In my view, a much more promising route would be to try to add some sort of grounding to these language models, e.g. through pictures or videos from the web. I think grounding is crucial for models to have a better understanding of the world; and anecdotal evidence from human experience suggests to me that these models perhaps wouldn’t need nearly as much grounding experience as they need text data to achieve a reasonably good grounded understanding of the world. This is because it seems to me that we humans acquire most of our grounding early in our development through interactions with a fairly limited environment, and acquire pretty much all the rest of our knowledge only indirectly, through social and cultural means, for example, by learning things from other people, or by reading about them in books, articles, web pages etc. (Anthropologist Joe Henrich makes a similar point in his book The Secret of Our Success). Current language models already seem to be highly efficient at extracting information from extremely large scale text data. To complement this already super-human ability, finding good grounding objectives and grounding data for training large-scale grounded language models would be a very promising and exciting direction, I think (see this, this, and this for some recent attempts in this direction).

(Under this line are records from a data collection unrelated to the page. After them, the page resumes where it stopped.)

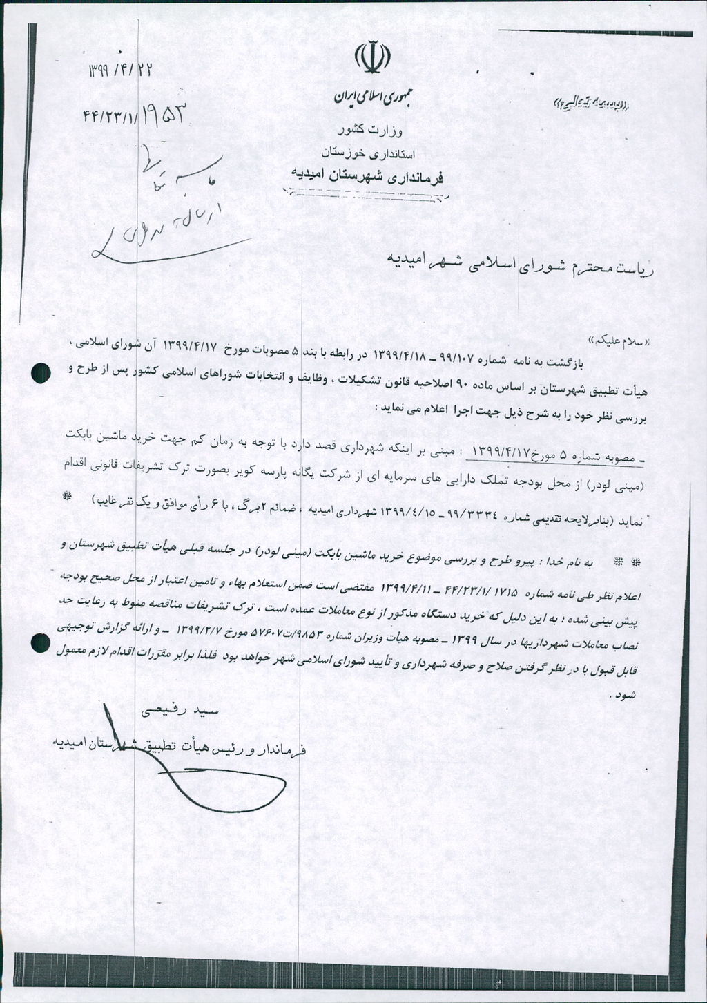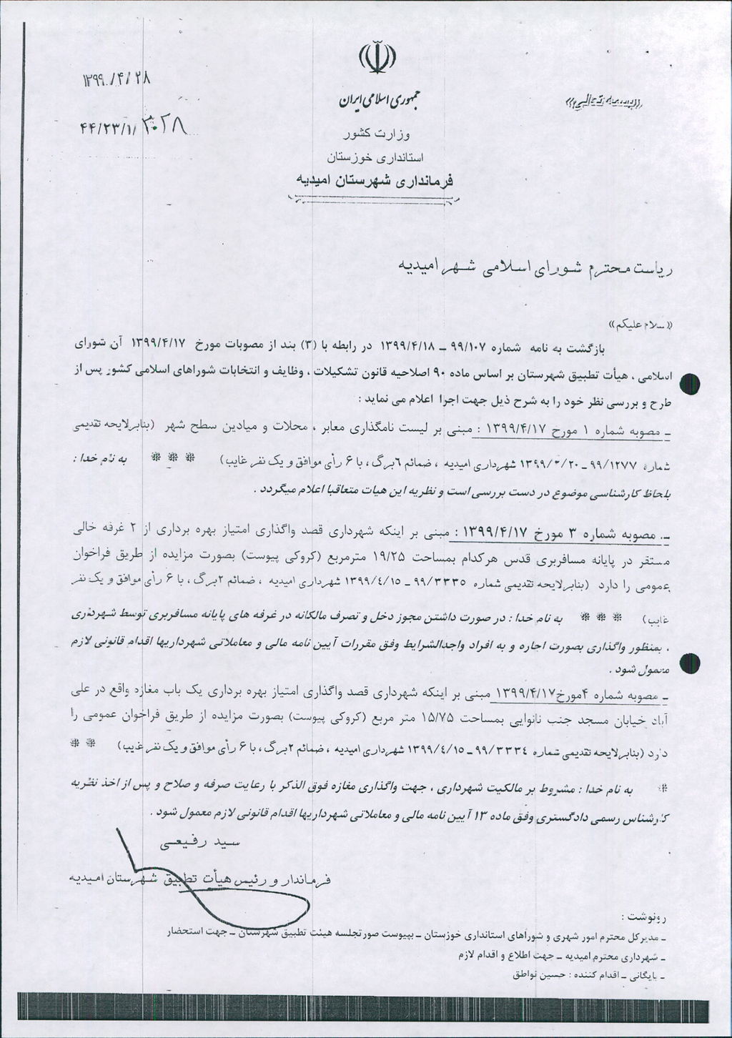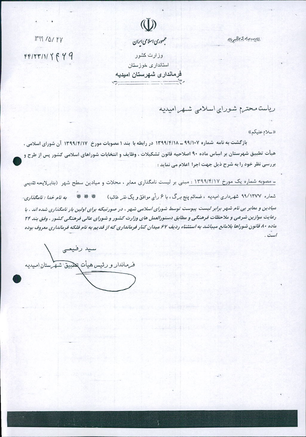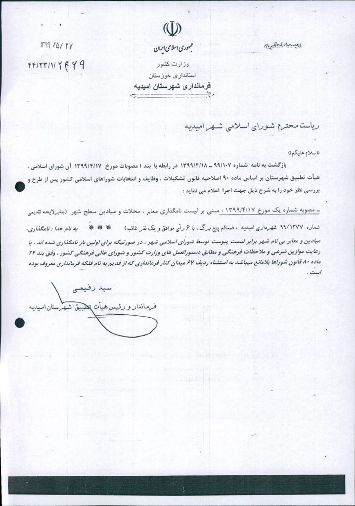 نظریه هیأت تطبیق جلسه ۹۲ مورخ ۹۹/۴/۱۷ شورای اسلامی شهر امیدیه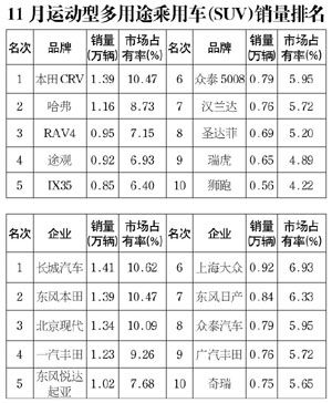 11月運(yùn)動(dòng)型多用途乘用車(SUV)銷售13.28萬輛,環(huán)比增長10.53%,同比增長85.87%。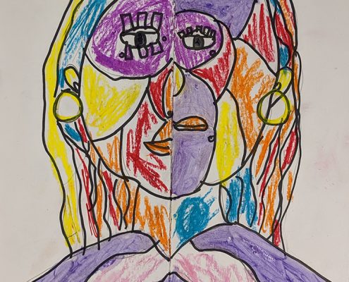 Drawing continuous lines with a black Sharpie, students created an abstract, expressive portrait inspired by the many styles of Pablo Picasso. Color was applied and blended with oil pastels while thinking about various color schemes. Cutting it out and standing it up transformed the artwork from 2D to 3D.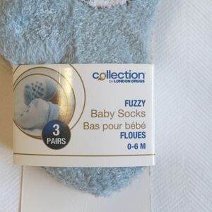 NEW collection london drugs 3-pack fuzzy baby boy socks 0-6 months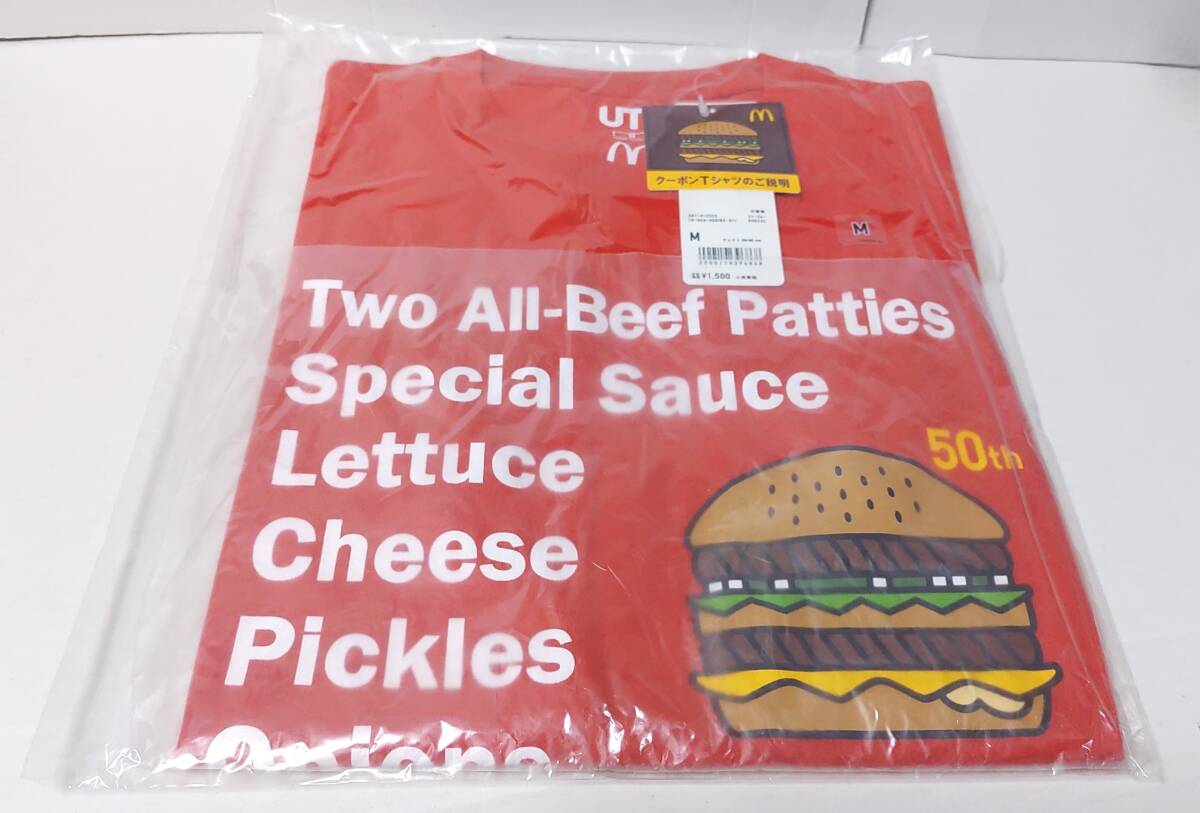 - 2018 UT コラボ ビッグマック50周年『マクドナルド グラフィックTシャツ』丸首 半袖 赤 前プリント M・チェスト88-96cm※未開封品/タグ付き

Update (09/04/2020): I apparently missed this earlier, but OpenAI has made its intention to make GPT-3 a commercial product very clear right from the beginning (see here). They even mention the large size of the model as an excuse not to release it:
… many of the models underlying the API are very large, taking a lot of expertise to develop and deploy and making them very expensive to run.
So, it seems like my sinister interpretation above for OpenAI training a much larger model than was actually warranted was not too much off the mark!